Coming 12 hours after Barack Obama's commanding acceptance speech at the Democratic convention, the announcement that Sarah Palin, Governor of Alaska only since 2006, would be on the Republican ticket in November guarantees that new ground will be broken by this already astounding campaign. For the first time ever, either a black man or a woman will hold one of the two highest offices in the land.

These breakthroughs in race and gender are matched by breakthroughs in geography as well. Never before have the two most peripheral American states been so directly involved in a presidential battle. Obama was born in Hawaii, regarded by most Americans as an island holiday paradise in the Pacific. As for Palin, until her shock selection by McCain on Friday, she had for less than two years been Governor of a place whose inhabitants refer to the 48 states south of Canada as "Outside". Both Hawaii and Alaska entered the Union only in 1959. But now, less than half a century later, they will provide either a president or a vice-president.

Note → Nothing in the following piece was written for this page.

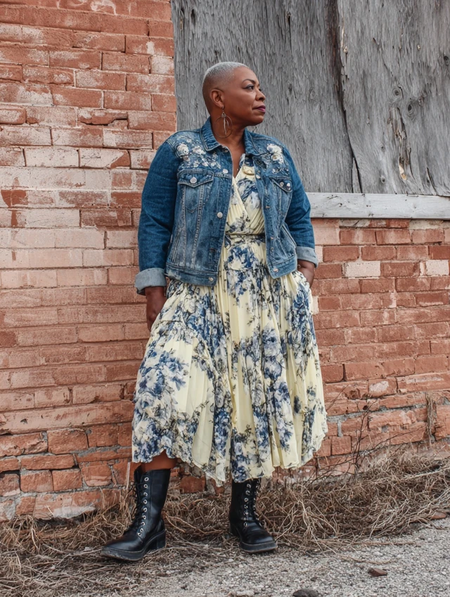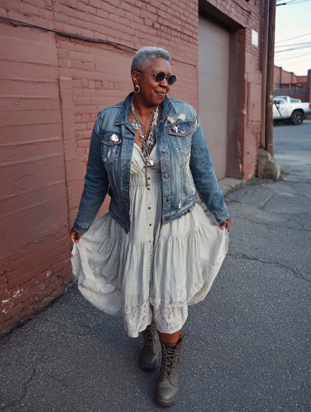 3. Denim Jacket + Flowy Dress + Combat Boots

Even before the stirring climax to the Democratic show in Denver last week, McCain was bound to have a hard act to follow. Such is the interest in Obama that the TV audience for his acceptance speech hit 40 million, more than watched the opening ceremony of the Beijing Olympics.

There are already signs of a decent post-convention "bounce" for the Democrat, as Hillary Clinton supporters return to the fold. Gallup now puts his lead at 8 per cent, compared with a dead heat before the convention, after a spell in which Obama lost momentum and McCain seized the initiative. But now the underlying national political mood is again reflected in the polls.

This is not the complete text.